**AIM OF THE EXERCISE**
For the material below, set down exactly the lines between the one containing "Elsewhere in the" and the last line, both included, leaving every picture out.

**DATA BLOCK**

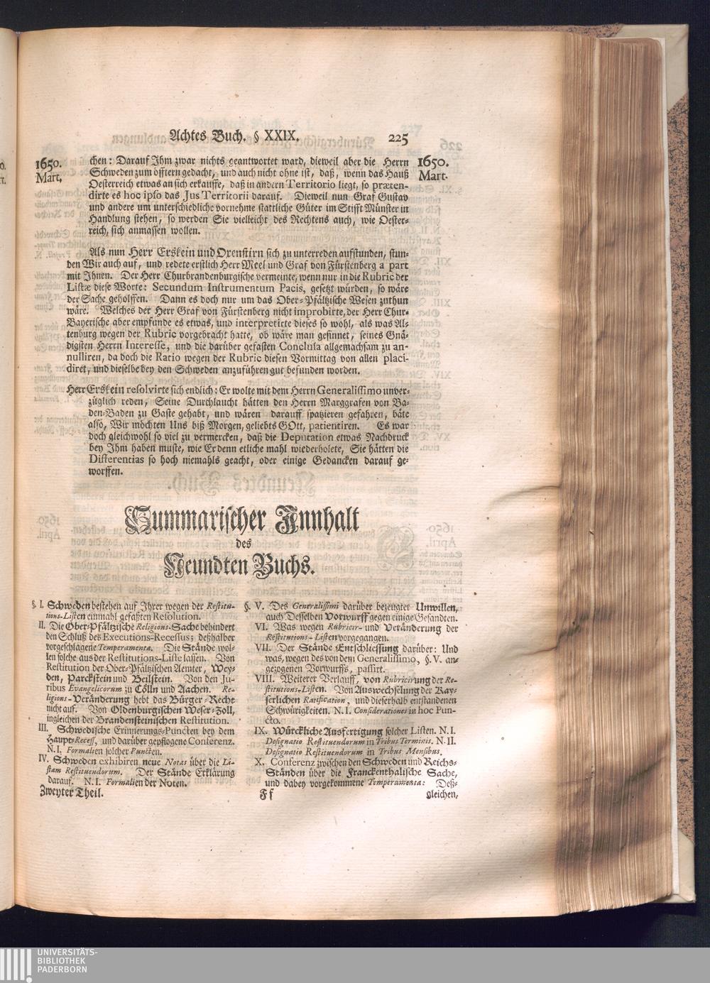 Zweyter und letzter Theil (1737) Worinnen enthalten, wie und welchergestalt die würckliche Vollziehung des Westphälischen Friedens, sowohl in puncto Exauctorationis Militæ und Evacuationis Locorum, als auch und vornehmlich in dem hochwichtigen puncto Restitutionis ex Capite Amnestiæ & Gravaminum, biß zum völligen Schluß des Congressus, Anno 1651, geschehen ist, in einer ausführlichen Historischen Erzehlung, mit beygefügten authentischen Urkunden, auch einem vollständigen Register
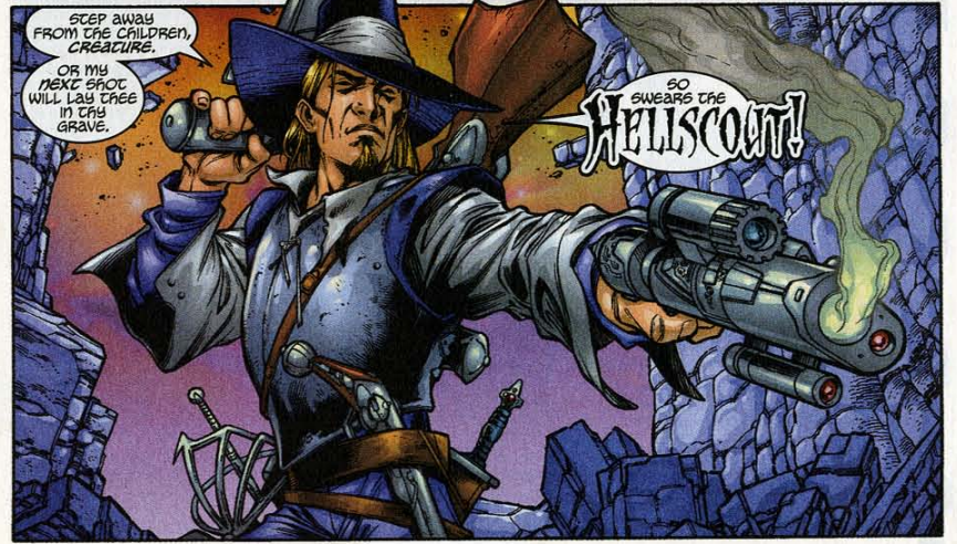 Elsewhere in the Negative Zone, Trapster and the N-Explorers are fighting a bunch of aliens to steal their powerful energy generators. He contacts the Gideon Trust, who plans to profit from the generators. Back aboard the Pandora, Jacob explains that the pilgrims’ ancestors were sailing to the New World back the olden days and got caught in a storm, which transported them to the Negative Zone. Nearby, Ben is attacked by a gun-toting man calling himself the Hellscout. It’s a brief fight before Jacob breaks them up, saying Ben is a guest and not a foe.
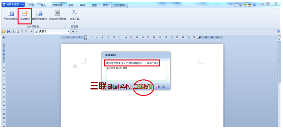在“手動備份”這個選項里則有一個很特別的功能,當(dāng)你編輯資料到一定程度,覺得有必要保存時就可以點擊這個選項,而且點擊后彈出的對話框里可以輸入你需要的對這個文檔的備注。
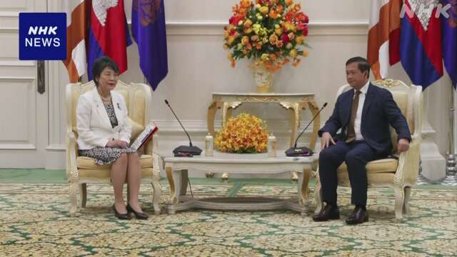 上川外务大臣于日本时间6日上午在柬埔寨首都金边与洪马内特首相会谈。上川大臣在会谈中表示:“两国的合作领域在稳步扩大,今后希望重点在人才培养和利用日本技术方面展开合作。”

**ANSWER BELOW**
 Elsewhere in the Negative Zone, Trapster and the N-Explorers are fighting a bunch of aliens to steal their powerful energy generators. He contacts the Gideon Trust, who plans to profit from the generators. Back aboard the Pandora, Jacob explains that the pilgrims’ ancestors were sailing to the New World back the olden days and got caught in a storm, which transported them to the Negative Zone. Nearby, Ben is attacked by a gun-toting man calling himself the Hellscout. It’s a brief fight before Jacob breaks them up, saying Ben is a guest and not a foe.
在“手動備份”這個選項里則有一個很特別的功能,當(dāng)你編輯資料到一定程度,覺得有必要保存時就可以點擊這個選項,而且點擊后彈出的對話框里可以輸入你需要的對這個文檔的備注。
 上川外务大臣于日本时间6日上午在柬埔寨首都金边与洪马内特首相会谈。上川大臣在会谈中表示:“两国的合作领域在稳步扩大,今后希望重点在人才培养和利用日本技术方面展开合作。”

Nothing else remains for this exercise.